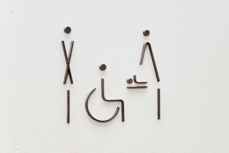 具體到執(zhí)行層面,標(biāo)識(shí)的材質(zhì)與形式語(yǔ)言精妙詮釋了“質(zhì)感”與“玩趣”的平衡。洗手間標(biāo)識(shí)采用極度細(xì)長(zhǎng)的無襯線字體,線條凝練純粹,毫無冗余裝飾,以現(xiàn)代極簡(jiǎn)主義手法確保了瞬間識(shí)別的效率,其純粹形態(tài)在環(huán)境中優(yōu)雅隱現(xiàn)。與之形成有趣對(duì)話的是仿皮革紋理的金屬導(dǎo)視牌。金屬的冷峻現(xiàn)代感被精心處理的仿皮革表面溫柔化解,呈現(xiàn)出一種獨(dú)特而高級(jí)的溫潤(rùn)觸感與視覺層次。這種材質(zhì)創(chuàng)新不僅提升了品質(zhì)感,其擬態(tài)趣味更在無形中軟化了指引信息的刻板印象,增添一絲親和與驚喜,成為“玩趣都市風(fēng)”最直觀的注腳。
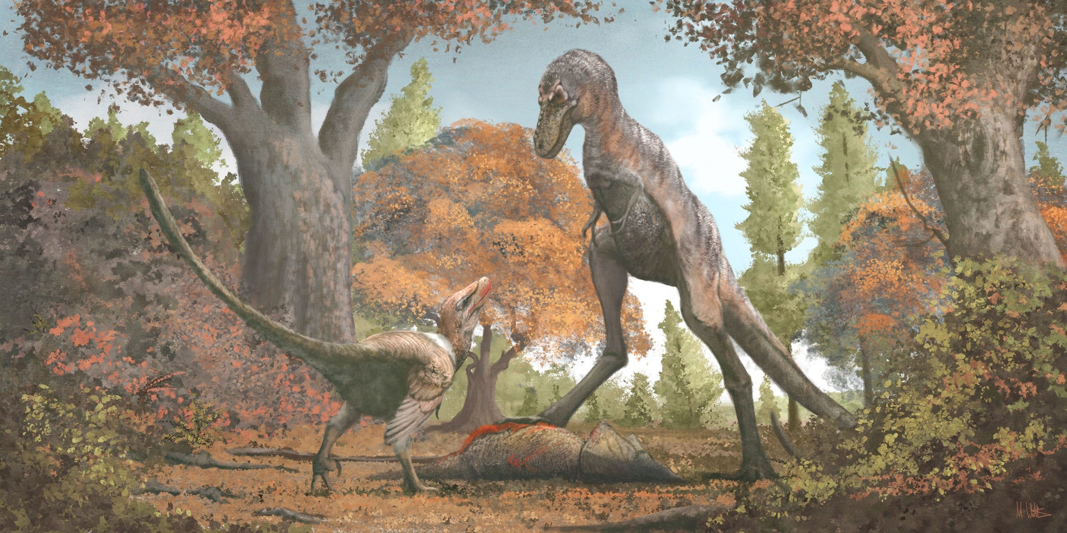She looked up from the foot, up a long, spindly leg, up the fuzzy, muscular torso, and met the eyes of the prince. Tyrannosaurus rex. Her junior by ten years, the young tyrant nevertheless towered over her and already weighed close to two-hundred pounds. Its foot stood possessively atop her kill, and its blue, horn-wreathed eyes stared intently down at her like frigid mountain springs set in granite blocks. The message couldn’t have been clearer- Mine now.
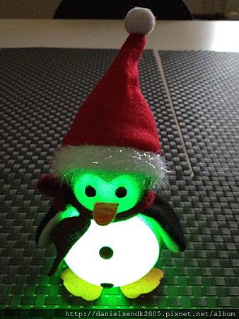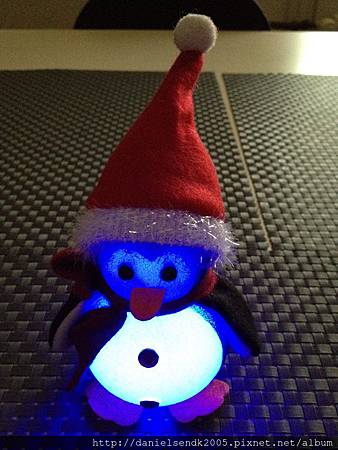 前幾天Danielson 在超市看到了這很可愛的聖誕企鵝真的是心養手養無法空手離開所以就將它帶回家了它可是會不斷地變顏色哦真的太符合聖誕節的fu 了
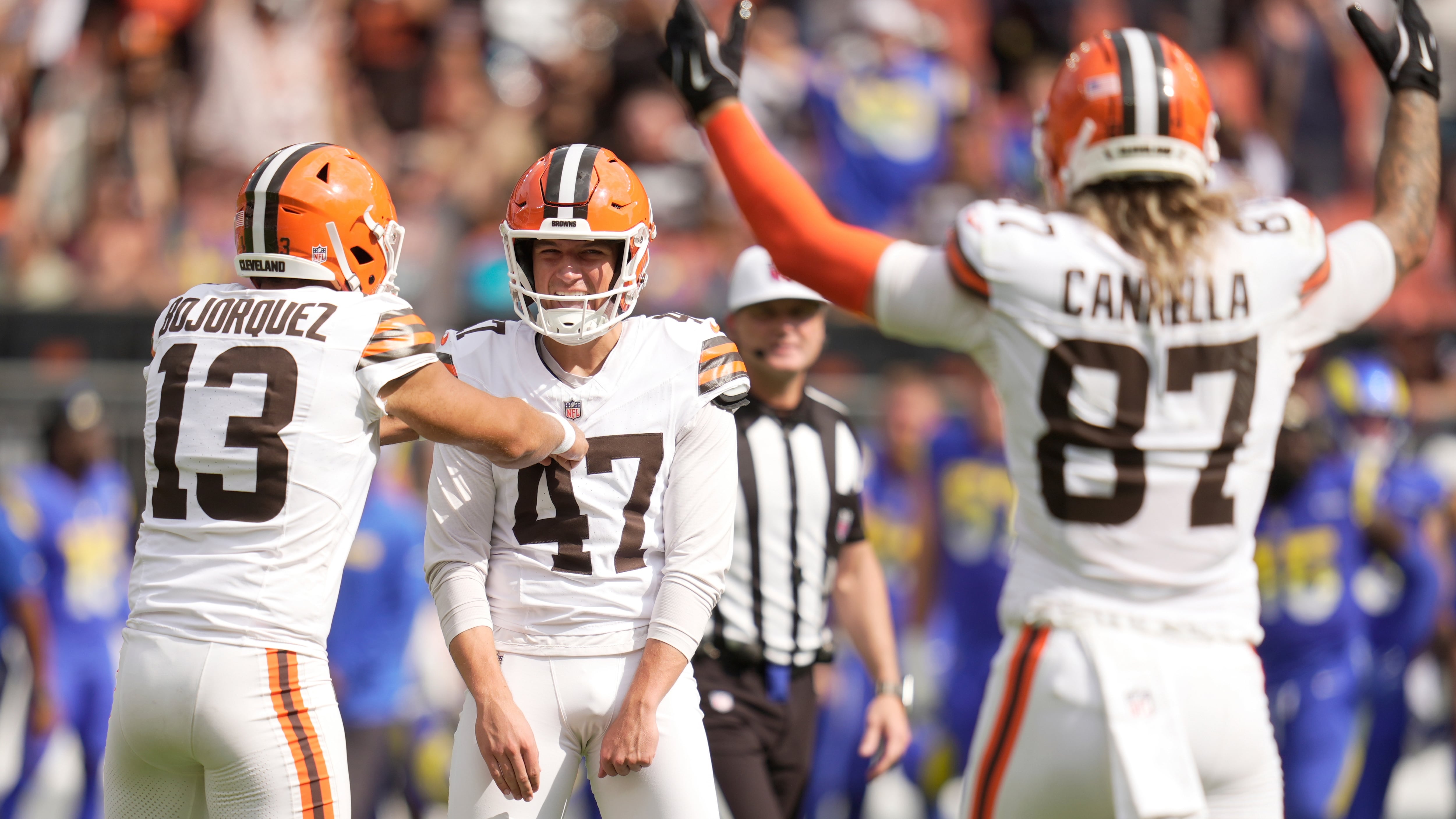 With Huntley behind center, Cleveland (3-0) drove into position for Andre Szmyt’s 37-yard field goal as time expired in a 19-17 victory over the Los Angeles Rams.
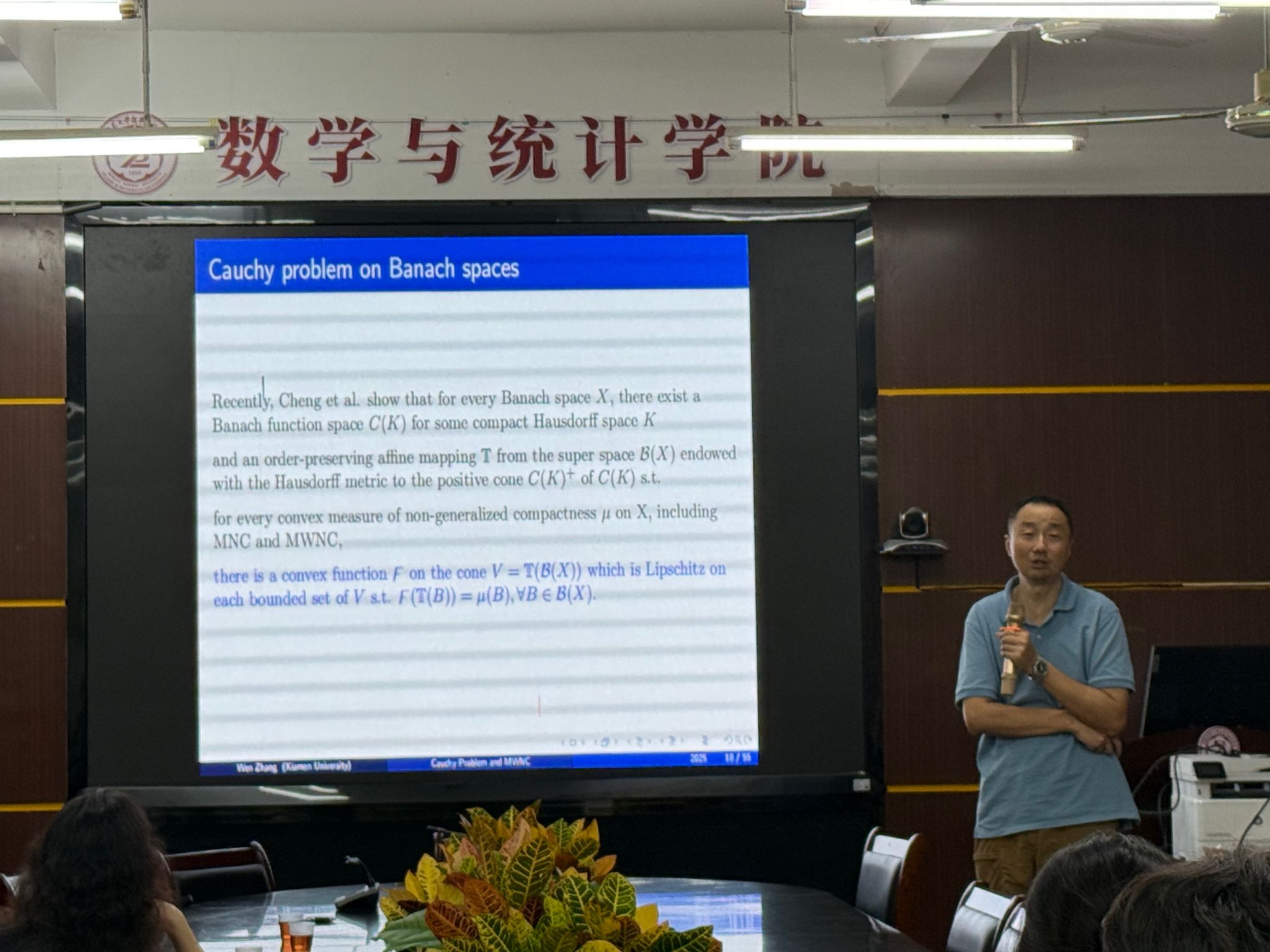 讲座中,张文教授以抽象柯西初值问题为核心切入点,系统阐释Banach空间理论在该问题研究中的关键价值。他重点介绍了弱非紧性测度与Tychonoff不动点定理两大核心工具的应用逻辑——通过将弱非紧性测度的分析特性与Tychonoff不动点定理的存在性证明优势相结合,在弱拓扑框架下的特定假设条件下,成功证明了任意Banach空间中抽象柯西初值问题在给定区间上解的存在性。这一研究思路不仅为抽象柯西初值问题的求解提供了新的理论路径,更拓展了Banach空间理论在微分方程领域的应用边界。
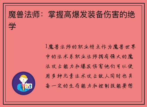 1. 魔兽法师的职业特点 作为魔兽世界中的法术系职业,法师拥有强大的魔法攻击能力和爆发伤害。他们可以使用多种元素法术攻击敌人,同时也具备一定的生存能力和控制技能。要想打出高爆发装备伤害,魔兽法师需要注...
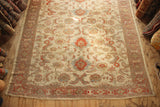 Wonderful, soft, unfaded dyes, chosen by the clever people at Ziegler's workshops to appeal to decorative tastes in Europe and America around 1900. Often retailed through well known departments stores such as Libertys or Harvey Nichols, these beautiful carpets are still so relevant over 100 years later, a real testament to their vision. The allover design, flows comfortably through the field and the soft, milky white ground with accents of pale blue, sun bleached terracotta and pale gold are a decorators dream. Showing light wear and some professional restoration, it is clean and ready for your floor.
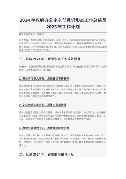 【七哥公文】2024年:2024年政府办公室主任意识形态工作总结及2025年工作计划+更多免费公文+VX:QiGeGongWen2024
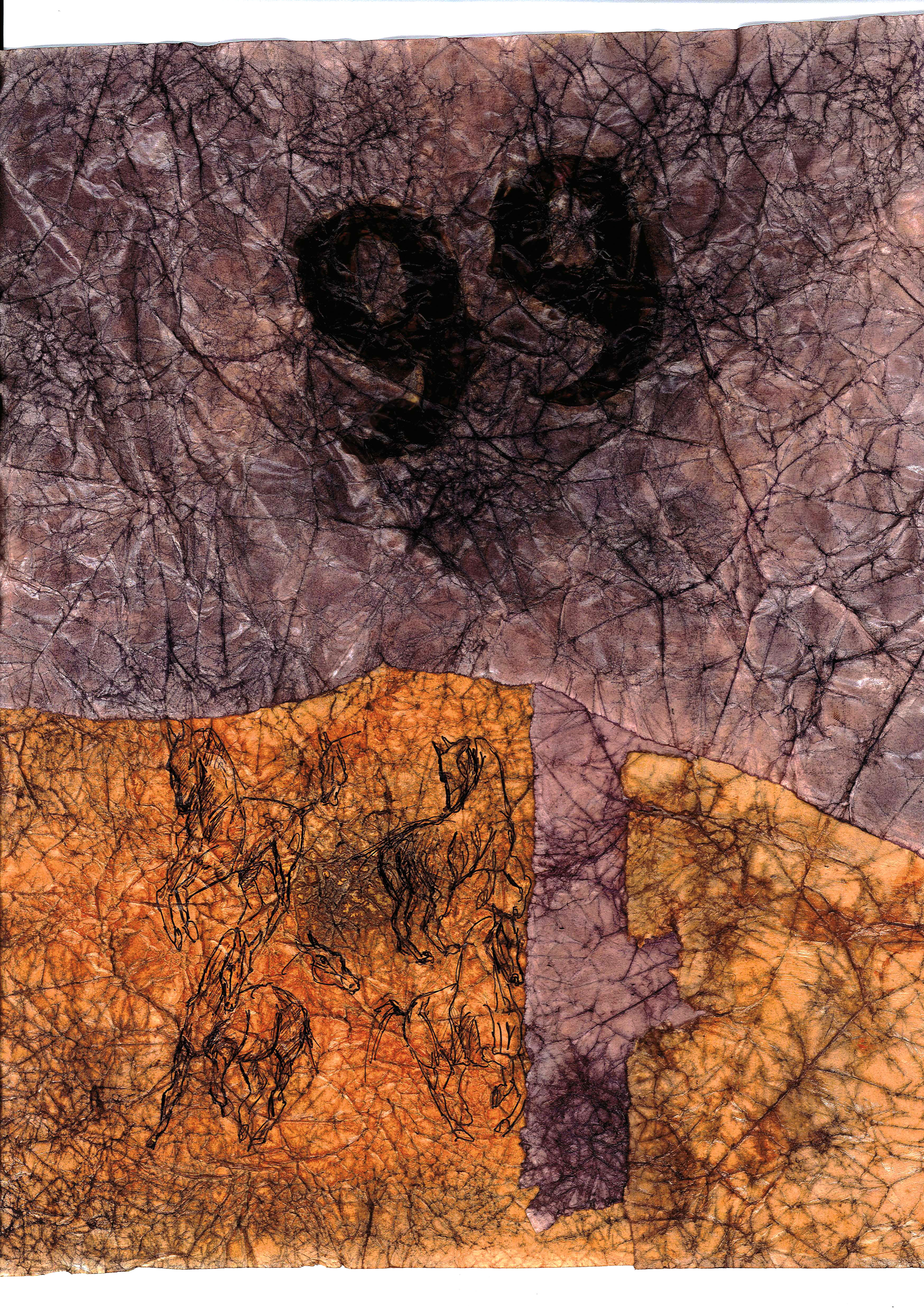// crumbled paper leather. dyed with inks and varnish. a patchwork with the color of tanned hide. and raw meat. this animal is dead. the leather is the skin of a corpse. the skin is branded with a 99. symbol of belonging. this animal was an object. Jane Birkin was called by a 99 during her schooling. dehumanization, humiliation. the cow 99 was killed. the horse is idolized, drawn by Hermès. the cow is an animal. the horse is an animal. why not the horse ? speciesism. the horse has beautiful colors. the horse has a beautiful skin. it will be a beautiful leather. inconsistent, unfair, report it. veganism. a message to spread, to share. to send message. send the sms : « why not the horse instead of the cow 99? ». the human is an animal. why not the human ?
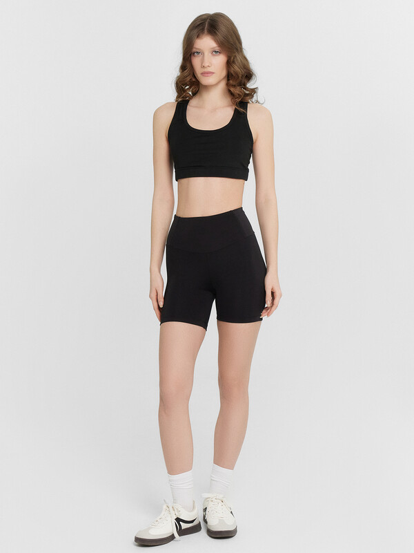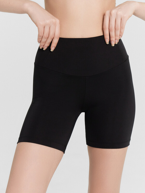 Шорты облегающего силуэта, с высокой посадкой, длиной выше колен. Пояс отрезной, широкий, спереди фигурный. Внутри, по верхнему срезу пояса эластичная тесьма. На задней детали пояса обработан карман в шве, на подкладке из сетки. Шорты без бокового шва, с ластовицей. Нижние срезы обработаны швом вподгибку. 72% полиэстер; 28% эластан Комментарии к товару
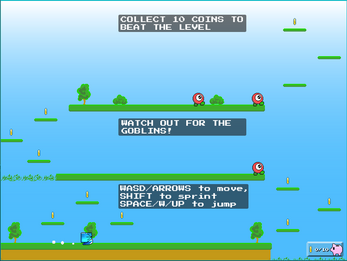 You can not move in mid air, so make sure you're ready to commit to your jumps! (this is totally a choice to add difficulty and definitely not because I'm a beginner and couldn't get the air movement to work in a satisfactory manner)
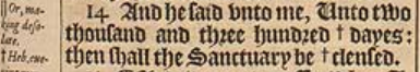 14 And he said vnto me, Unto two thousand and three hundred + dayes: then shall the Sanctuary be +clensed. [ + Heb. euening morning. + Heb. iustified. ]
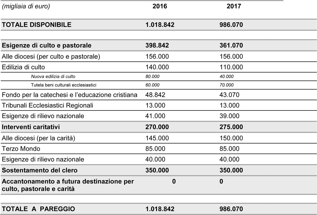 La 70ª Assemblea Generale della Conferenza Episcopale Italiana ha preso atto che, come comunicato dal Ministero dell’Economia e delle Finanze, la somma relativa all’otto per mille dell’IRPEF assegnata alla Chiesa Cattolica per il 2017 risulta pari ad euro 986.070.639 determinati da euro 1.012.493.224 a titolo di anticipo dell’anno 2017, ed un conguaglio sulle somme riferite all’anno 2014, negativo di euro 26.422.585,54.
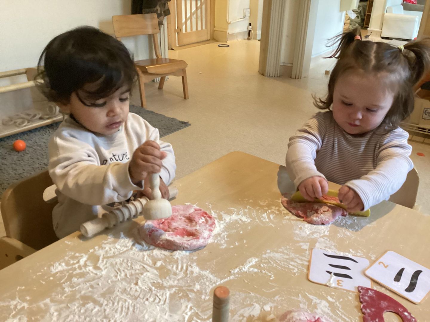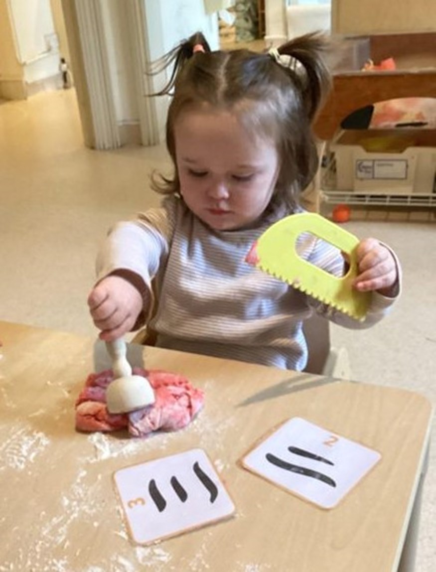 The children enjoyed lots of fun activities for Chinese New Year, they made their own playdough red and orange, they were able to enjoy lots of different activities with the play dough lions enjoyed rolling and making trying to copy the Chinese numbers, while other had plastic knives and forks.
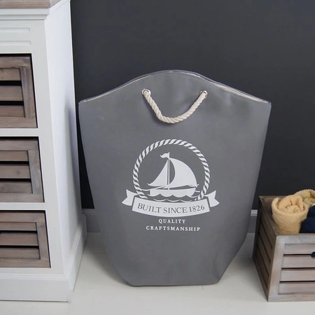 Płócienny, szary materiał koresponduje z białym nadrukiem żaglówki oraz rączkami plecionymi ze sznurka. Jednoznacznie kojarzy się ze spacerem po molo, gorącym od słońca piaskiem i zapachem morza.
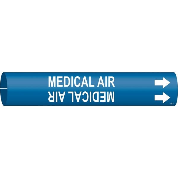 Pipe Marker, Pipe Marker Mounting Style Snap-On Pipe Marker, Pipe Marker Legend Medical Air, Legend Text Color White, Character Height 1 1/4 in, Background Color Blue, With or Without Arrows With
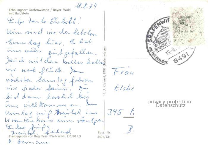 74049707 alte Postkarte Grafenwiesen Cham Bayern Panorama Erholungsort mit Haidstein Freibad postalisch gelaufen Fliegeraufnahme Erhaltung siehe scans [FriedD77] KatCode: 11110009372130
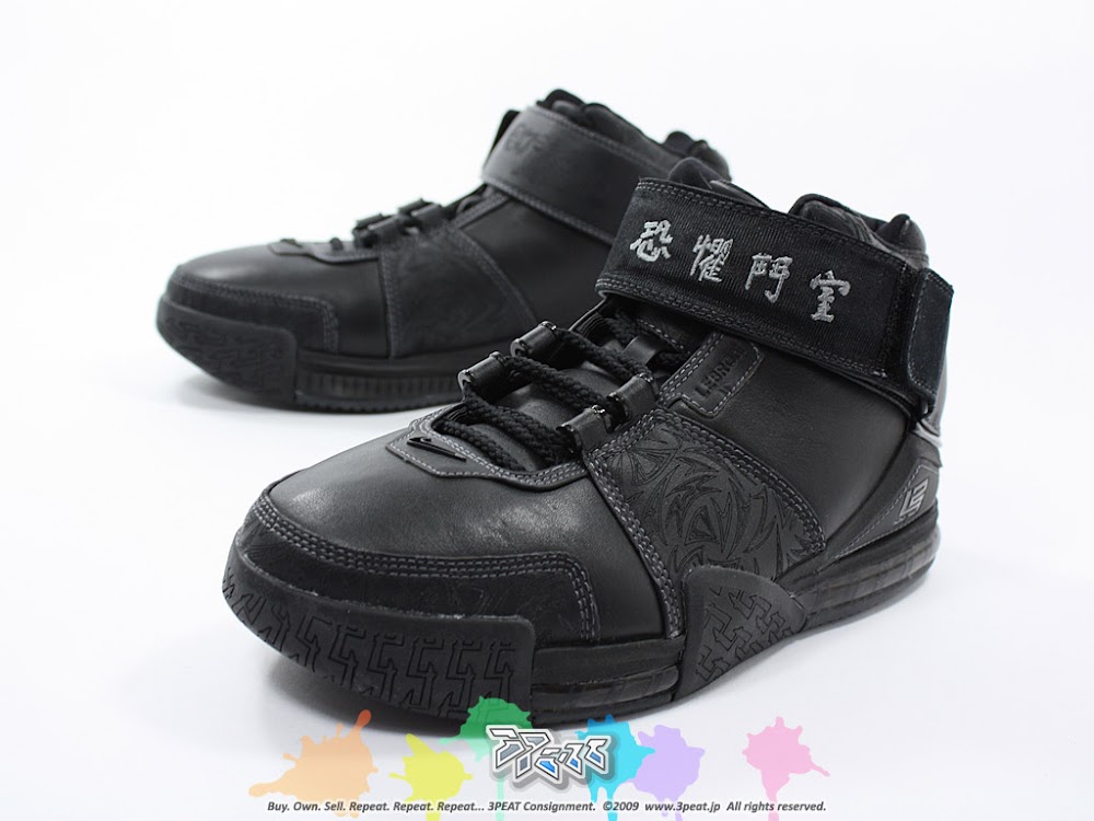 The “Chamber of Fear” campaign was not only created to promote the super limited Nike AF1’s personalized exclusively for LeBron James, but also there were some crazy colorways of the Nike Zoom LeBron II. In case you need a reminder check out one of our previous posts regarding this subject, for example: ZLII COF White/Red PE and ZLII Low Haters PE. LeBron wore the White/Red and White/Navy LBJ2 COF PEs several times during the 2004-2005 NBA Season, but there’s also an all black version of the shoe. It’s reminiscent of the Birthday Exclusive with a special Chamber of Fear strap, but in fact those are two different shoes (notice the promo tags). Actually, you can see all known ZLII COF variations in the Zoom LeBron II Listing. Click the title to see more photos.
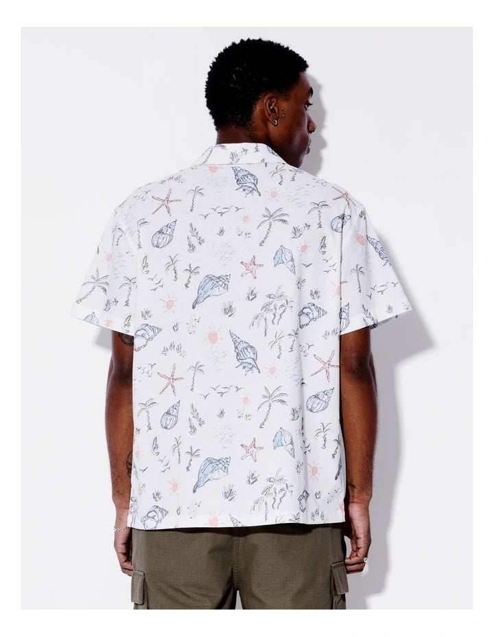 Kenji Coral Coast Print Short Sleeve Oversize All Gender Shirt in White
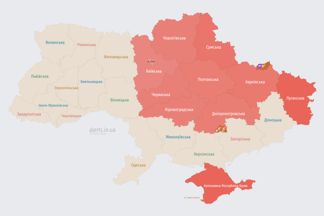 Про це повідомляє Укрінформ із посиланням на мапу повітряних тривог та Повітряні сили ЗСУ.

________

** Task goal **
The answer is the lines of the material above, from the one containing "Wonderful, soft, unfaded" down to the one containing "You can not", given exactly and without images.

** Exercise answer **
 Wonderful, soft, unfaded dyes, chosen by the clever people at Ziegler's workshops to appeal to decorative tastes in Europe and America around 1900. Often retailed through well known departments stores such as Libertys or Harvey Nichols, these beautiful carpets are still so relevant over 100 years later, a real testament to their vision. The allover design, flows comfortably through the field and the soft, milky white ground with accents of pale blue, sun bleached terracotta and pale gold are a decorators dream. Showing light wear and some professional restoration, it is clean and ready for your floor.
 【七哥公文】2024年:2024年政府办公室主任意识形态工作总结及2025年工作计划+更多免费公文+VX:QiGeGongWen2024
// crumbled paper leather. dyed with inks and varnish. a patchwork with the color of tanned hide. and raw meat. this animal is dead. the leather is the skin of a corpse. the skin is branded with a 99. symbol of belonging. this animal was an object. Jane Birkin was called by a 99 during her schooling. dehumanization, humiliation. the cow 99 was killed. the horse is idolized, drawn by Hermès. the cow is an animal. the horse is an animal. why not the horse ? speciesism. the horse has beautiful colors. the horse has a beautiful skin. it will be a beautiful leather. inconsistent, unfair, report it. veganism. a message to spread, to share. to send message. send the sms : « why not the horse instead of the cow 99? ». the human is an animal. why not the human ?
 Шорты облегающего силуэта, с высокой посадкой, длиной выше колен. Пояс отрезной, широкий, спереди фигурный. Внутри, по верхнему срезу пояса эластичная тесьма. На задней детали пояса обработан карман в шве, на подкладке из сетки. Шорты без бокового шва, с ластовицей. Нижние срезы обработаны швом вподгибку. 72% полиэстер; 28% эластан Комментарии к товару
 You can not move in mid air, so make sure you're ready to commit to your jumps! (this is totally a choice to add difficulty and definitely not because I'm a beginner and couldn't get the air movement to work in a satisfactory manner)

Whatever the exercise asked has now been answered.